Pure Python vs NumPy
import numpy as np
# Pure Python: compute one by one
prices = [100, 200, 300, 400, 500]
discounted = []
for p in prices:
discounted.append(p * 0.8)
print(discounted) # [80.0, 160.0, 240.0, 320.0, 400.0]
# NumPy: one line does it all
prices = np.array([100, 200, 300, 400, 500])
discounted = prices * 0.8
print(discounted) # [ 80. 160. 240. 320. 400.]
Element-wise Operations
Arithmetic operations on NumPy arrays are performed element by element:
a = np.array([1, 2, 3, 4])
b = np.array([10, 20, 30, 40])
print(a + b) # [11 22 33 44] add corresponding elements
print(a - b) # [ -9 -18 -27 -36]
print(a * b) # [ 10 40 90 160] multiply corresponding elements (not matrix multiplication!)

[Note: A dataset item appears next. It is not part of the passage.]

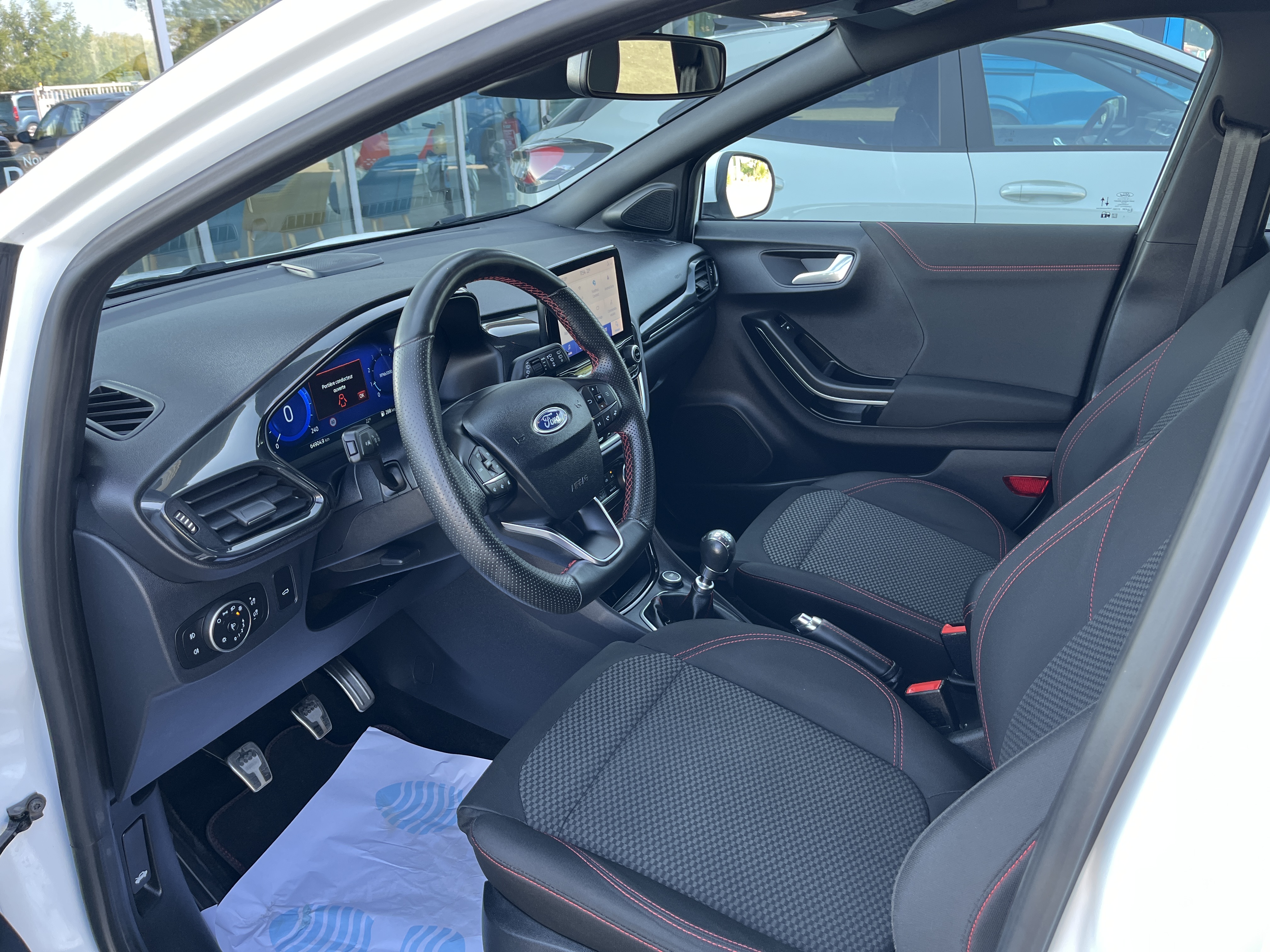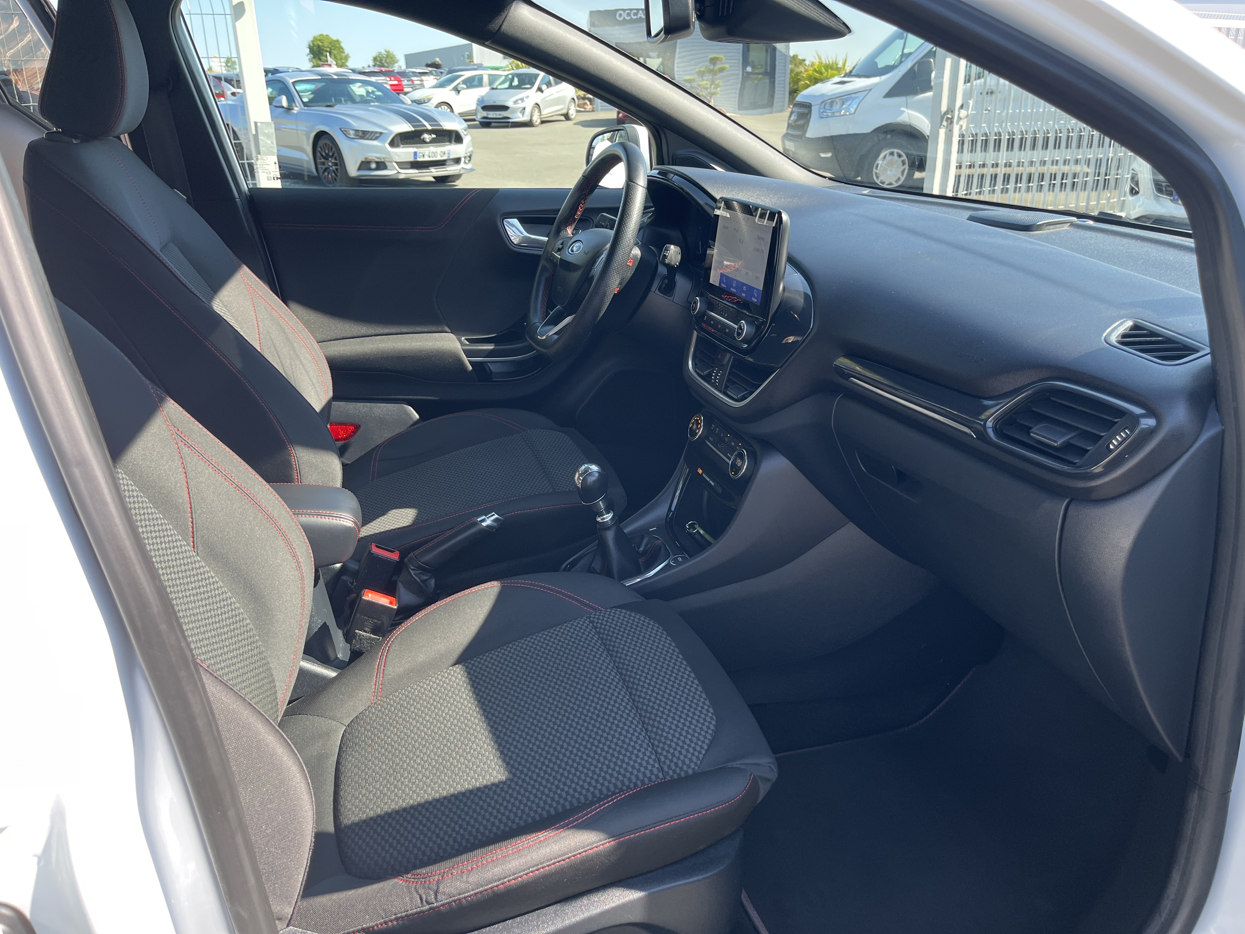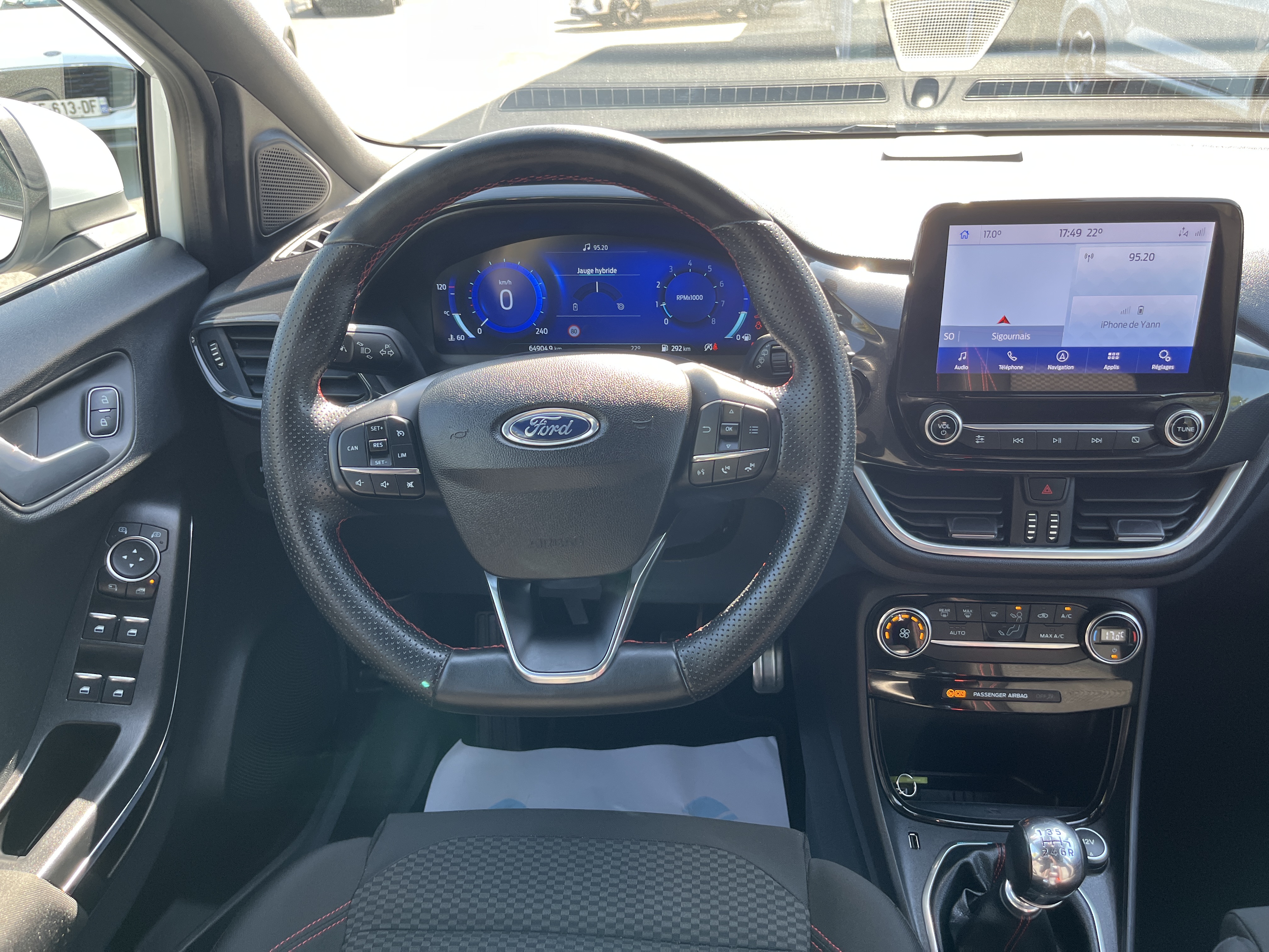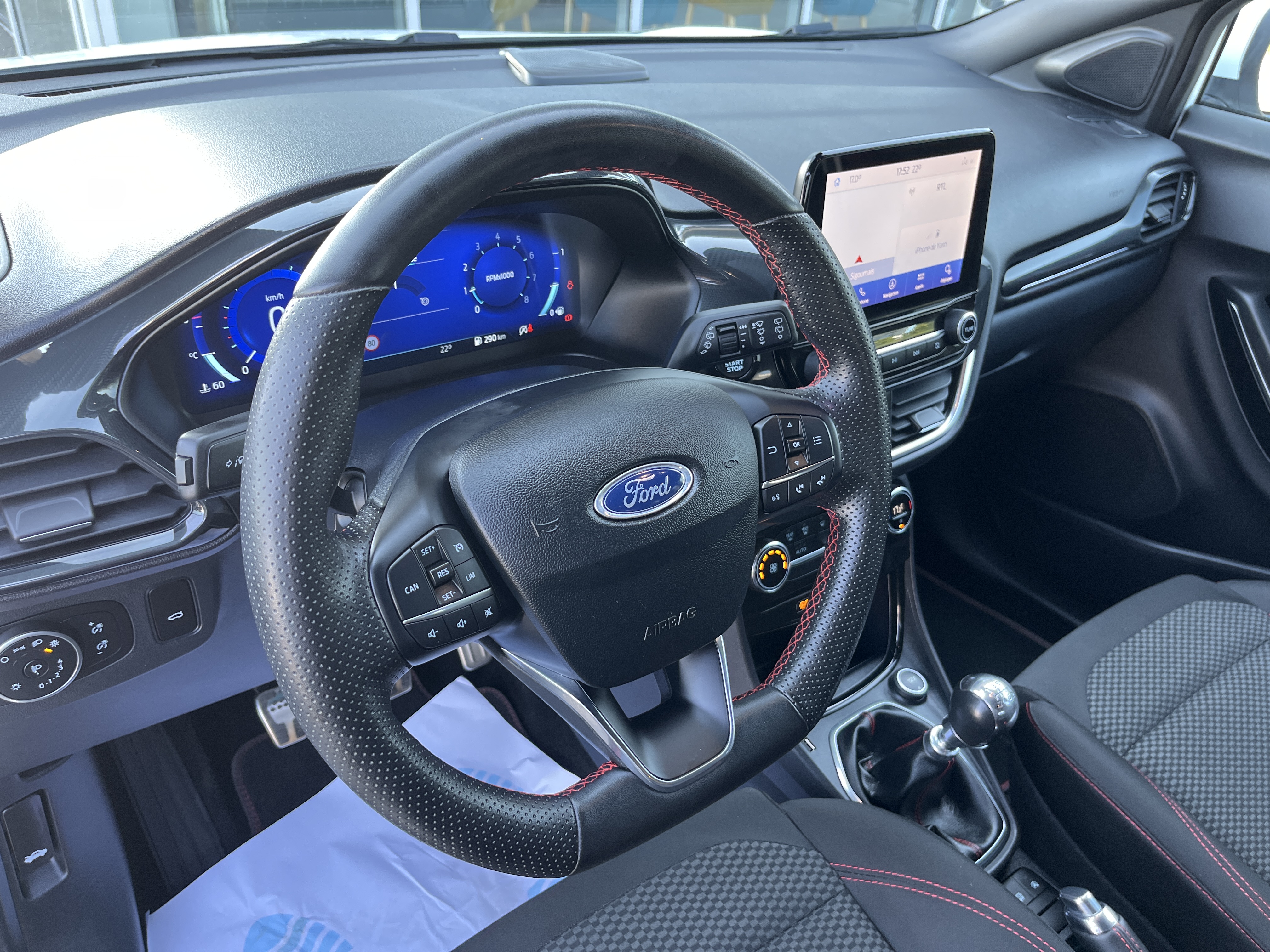 2 Fixations ISOFIX aux places AR5 Modes de conduite selectionnables (normal, eco, sport, faible adherence, trail)Aide au demarrage en coteAide au maintien dans la voie avec detection des bas-cotesAide au stationnement ARAlerte de franchissement involontaire de ligneAllumage automatique des feuxBadges exterieurs ST-LineBanquette AR rabattable 60/40Bouton de demarrage "Ford Power"Combine d'instrumentalisation numerique 12.3" avec EcomodeCorrecteur electronique de trajectoire (ESP)Eclairage d'ambiance interieurEnvironnement noirFeux AR a LEDFeux de jour a LEDFeux de route intelligents - Commutation automatique des feux de route aux feux de croisementGrille de calandre ST-LineJantes alliage 17" 5x2 branches finition Black Machined (pour pneus toutes saisons 215/55 R17)Kit de carrosserie ST-LineKit de reparation pneumatiqueLimiteur de vitesse intelligent (affichage instantane des limitations de vitesse sur le tableau dePedalier AluminiumPhares antibrouillard AV avec fonction eclairage des anglesPlancher de coffre ajustablePlaques de seuil de portes AV ST-LineRecharge de telephone par inductionReconnaissance des panneaux de signalisationRegulateur de vitesseRetroviseurs exterieurs couleur carrosserie electriques, degivrants et rabattables electriquementSellerie tissu noir Court avec surpiqures rougesSysteme audio Ford SYNC3 avec ecran tactile 8", commandes vocales, 2 ports USB, alerte contresens,Systeme de navigation Europe et points d'interets MichelinSysteme de prevention de collision avec freinage post-collision et detection pietonsSysteme de surveillance de la pression des pneusTrappe Easy FuelVerrouillage centralise a distanceVitres AV/AR electriques a impulsion haut/basVolant a meplat 3 branches ST-Line avec surpiqures rougesFonction Apple Carplay & Androïd Auto

print(a / b) # [0.1 0.1 0.1 0.1]
print(a ** 2) # [ 1 4 9 16] square
print(b % 3) # [1 2 0 1] remainder
print(b // 3) # [ 3 6 10 13] integer division
Operations with Scalars
When an array is operated on with a single number (a scalar), NumPy automatically applies the scalar to every element:
arr = np.array([10, 20, 30, 40])
print(arr + 5) # [15 25 35 45]
print(arr * 2) # [20 40 60 80]
print(arr / 10) # [1. 2. 3. 4.]
print(1 / arr) # [0.1 0.05 0.033 0.025]
Comparison Operations
arr = np.array([15, 23, 8, 42, 31])
print(arr > 20) # [False True False True True]
print(arr == 23) # [False True False False False]

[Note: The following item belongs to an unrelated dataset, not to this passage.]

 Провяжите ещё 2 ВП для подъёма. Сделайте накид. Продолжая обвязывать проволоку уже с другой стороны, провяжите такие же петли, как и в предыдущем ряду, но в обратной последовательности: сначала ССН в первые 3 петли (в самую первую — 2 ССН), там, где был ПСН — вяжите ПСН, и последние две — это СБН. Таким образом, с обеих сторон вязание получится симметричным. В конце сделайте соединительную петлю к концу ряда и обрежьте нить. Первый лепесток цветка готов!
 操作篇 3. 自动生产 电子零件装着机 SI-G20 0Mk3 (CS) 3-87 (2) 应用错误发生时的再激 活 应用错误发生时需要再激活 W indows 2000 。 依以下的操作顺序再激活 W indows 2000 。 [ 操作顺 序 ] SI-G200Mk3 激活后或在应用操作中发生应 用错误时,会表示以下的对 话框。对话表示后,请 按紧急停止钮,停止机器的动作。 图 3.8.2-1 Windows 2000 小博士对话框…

print(arr != 8) # [ True True False True True]
Universal Functions (ufuncs)
NumPy provides many universal functions that apply mathematical operations to each element in an array:
Common Mathematical Functions
arr = np.array([1, 4, 9, 16, 25])
# Square root
print(np.sqrt(arr)) # [1. 2. 3. 4. 5.]
# Absolute value
neg = np.array([-3, -1, 0, 2, 5])
print(np.abs(neg)) # [3 1 0 2 5]
# Power
print(np.power(arr, 0.5)) # same as sqrt
# Exponential and logarithms
print(np.exp([0, 1, 2])) # [1. 2.718 7.389] e raised to a power
print(np.log([1, np.e, 10])) # [0. 1. 2.303] natural logarithm
print(np.log10([1, 10, 100])) # [0. 1. 2.] base 10
print(np.log2([1, 2, 8, 64])) # [0. 1. 3. 6.] base 2
Trigonometric Functions
# Create angles from 0 to 2π
angles = np.linspace(0, 2 * np.pi, 5) # [0, π/2, π, 3π/2, 2π]
print(np.sin(angles)) # [ 0. 1. 0. -1. 0.] ← sine
print(np.cos(angles)) # [ 1. 0. -1. 0. 1.] ← cosine
Rounding Functions
arr = np.array([1.2, 2.5, 3.7, -1.3, -2.8])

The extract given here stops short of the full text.